National Reimbursement Benchmarks
Medicare’s mean allowed rate of $96.08 for CPT 16020 sits very close to BUCA (average commercial) at $96.73, indicating parity between Medicare and the average commercial benchmark nationally. Cigna and UnitedHealth Group have substantially higher mean rates, at $125.62 and $123.91 respectively, while Aetna and Blue Cross Blue Shield are lower, at $78.75 and $92.79.
Dispersion measured by the interquartile spread (P75 − P25) is widest for Cigna (74.75) and UnitedHealth Group (73.34), indicating greater variability in allowed rates across providers. The tightest distributions are seen with Medicare (10.00) and Aetna (35.67), reflecting more concentrated rate outcomes.
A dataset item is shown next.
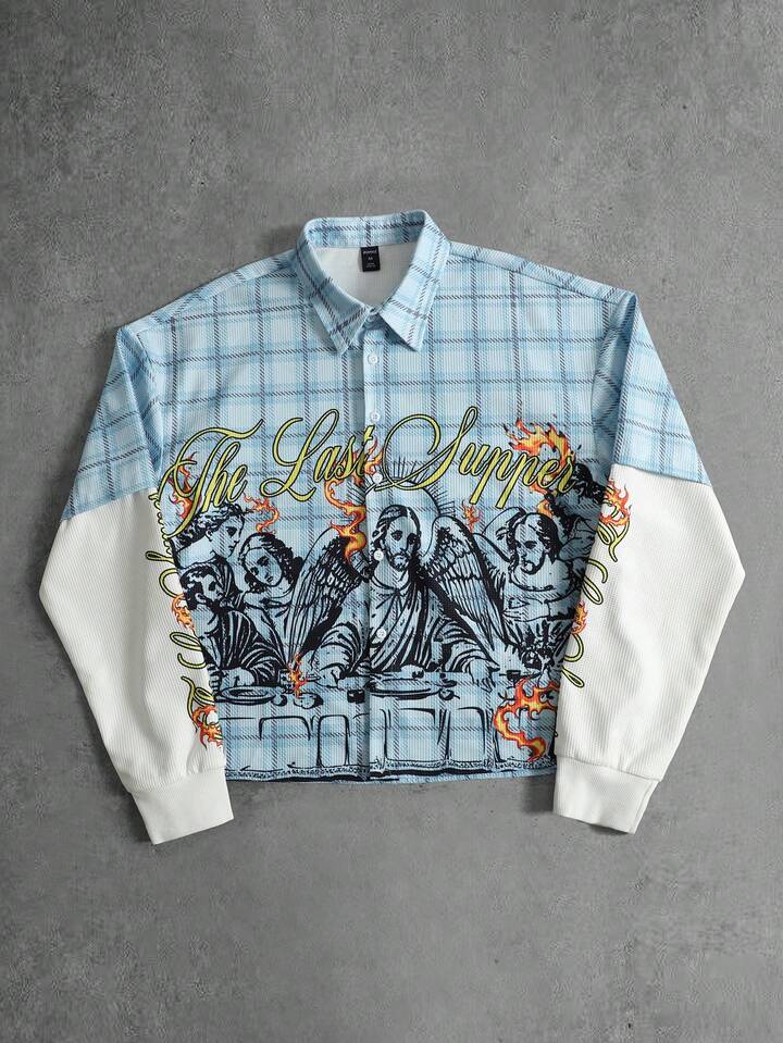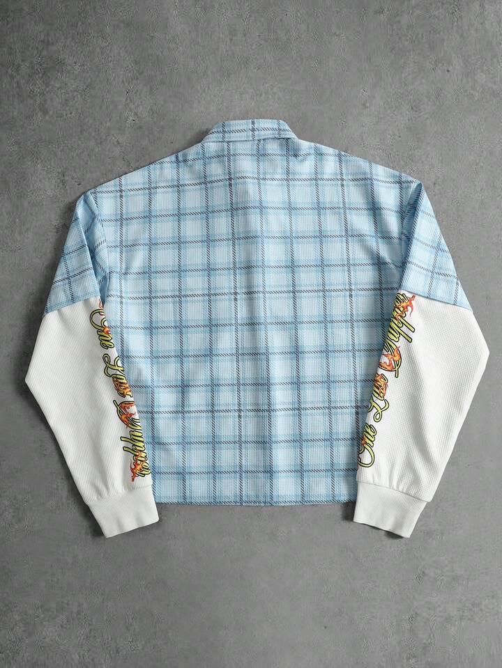 Herren Loose Fit 2-in-1 Karohemd mit Langarm und Doppellagigen Ärmeln
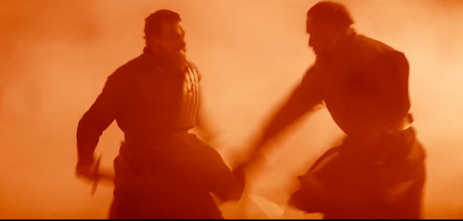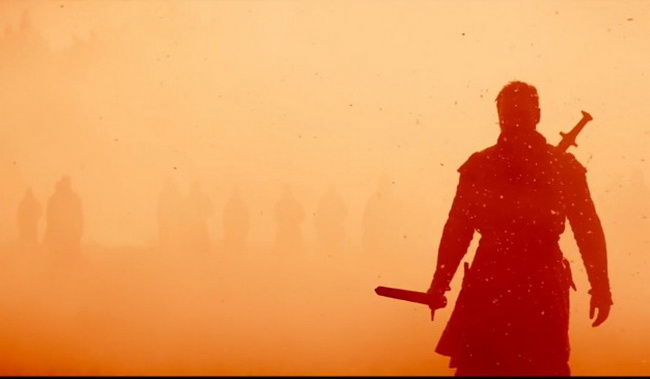 « De même, la bataille finale, très stylisée, baigne dans un brouillard rouge comme si Macbeth était déjà en enfer. Nous avons littéralement poussé le rouge aussi loin que nous permettait l’espace colorimétrique. Cependant, l’idée n’était pas d’applique un rouge uniforme, mais d’en avoir un rouge dans les ombres qui évoluait vers du jaune en pleine lumière, ce qui nous a posé des problèmes de cohérence. On pourrait penser qu’il suffit de copier-coller le rouge d’un plan à l’autre, mais quand vous regardez la séquence entière, les désaccords vous sautent aux yeux ».

The table and chart below present the full breakdown of mean rates and percentiles by payer.
State Benchmarks
State: AK1 / 50
Alaska Benchmarks
Alaska exhibits a wide rate spread for CPT code 16020 across payers, with the largest difference seen in Aetna, where the 75th and 25th percentiles are both $329.00, indicating a lack of spread. Blue Cross Blue Shield and BUCA show more variability, with rate spreads of $69.94 and $88.08 respectively. Compared to national averages, Alaska's commercial payers consistently reimburse at much higher rates, with Aetna's mean rate in Alaska nearly four times its national mean. Medicare rates in Alaska are slightly below the national mean, but still within a close range.
The table and chart below present the full breakdown of mean rates and percentile distributions for each payer in Alaska, highlighting the significant differences between commercial and government payers.
Key Insights for Alaska
- Aetna is the highest paying payer in Alaska for CPT 16020, with a mean rate of $296.11.
- Medicare is the lowest paying payer, with a mean rate of $92.86.
- All commercial payers in Alaska reimburse significantly above their respective national averages, with Aetna's mean rate nearly four times the national mean.